Data sources, such as web pages or databases, store or output entities that include data or other information. Because data sources can have unique data characteristics, in order to compare entities generated by different data sources, and to identify duplicate entities, a scoring function is generated for each pair of data sources that can generate a similarity score that represents the similarity of two entities from the data sources in the pair. To generate the scoring functions, training data is generated for each pair of data sources and manually reviewed by a judge. The training data is used to generate the scoring functions using machine learning. In order to reduce the amount of training data that is used, transfer learning techniques are applied to use information learned from generating one scoring function for a pair of sources when generating a scoring function for a subsequent pair of sources.
In an implementation, identifiers of a plurality of data sources are received at a computing device. Each data source may be associated with a plurality of entities. Training data is received at the computing device. The training data includes pairs of entities, and each pair has an associated similarity score.

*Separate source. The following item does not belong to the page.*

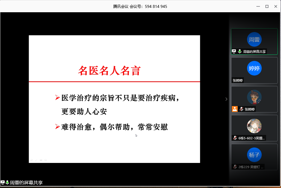 “医学治疗的宗旨不仅是治疗疾病,更要助人心安。难得治愈,偶尔帮助,常常安慰。”医生是个神圣的职业,希望通过此次课程,同学们能认真规划自己的学医生涯,充满人文关怀,在将来为医学事业贡献自己的力量。
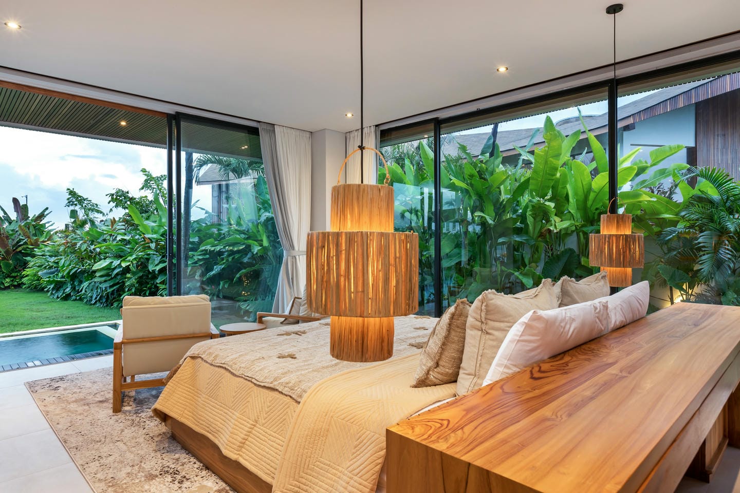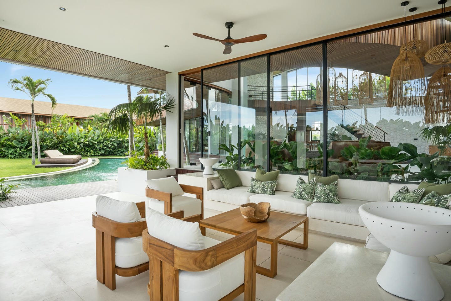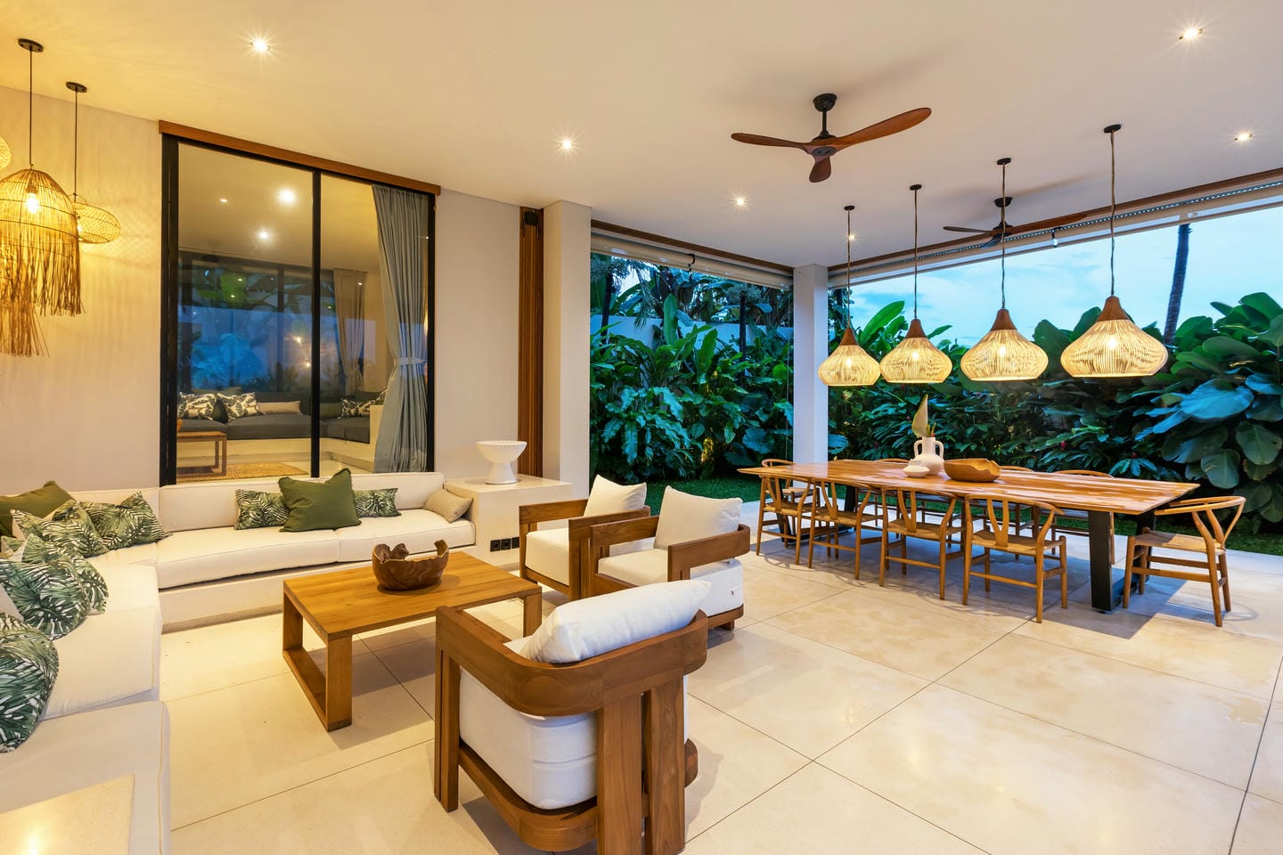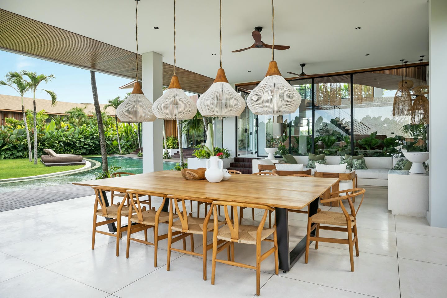 High ceilings, designer pendant lighting, and refined material selections create an atmosphere that is both grand and inviting. The indoor and outdoor living areas flow effortlessly, embracing Bali’s tropical lifestyle.

For each pair of data sources, a scoring function is generated for the pair of data sources using a portion of the training data and information learned from generating a previous scoring function for a previous pair of data sources by the computing device. The scoring function for a pair of data sources may generate a similarity score for pairs of entities that are associated with the pair of data sources. The similarity score may be a binary score (i.e., match or non-match). The plurality of entities associated with each data source of the plurality of data sources is resolved.
In an implementation, training data is received at a computing device. The training data may include a plurality of pairs of entities, each entity may include a plurality of attributes, each pair of entities may have an associated similarity score, and each pair of entities may be associated with a pair of data sources. For each pair of data sources, a scoring function is generated for the pair of data sources using a portion of the training data by the computing device. The scoring function for a pair of data sources may generate a similarity score for entity pairs associated with the pair of data sources. Generating a scoring function for a pair of data sources may include generating a first data structure based on attributes of a first entity of each of the entity pairs that are associated with the pair of data sources, generating a second data structure based on attributes of a second entity of each of the entity pairs that are associated with the pair of data sources, and generating a third data structure based on information learned from generating a previous scoring function. The generated scoring functions are stored by the computing device.
This summary is provided to introduce a selection of concepts in a simplified form that are further described below in the detailed description. This summary is not intended to identify key features or essential features of the claimed subject matter, nor is it intended to be used to limit the scope of the claimed subject matter.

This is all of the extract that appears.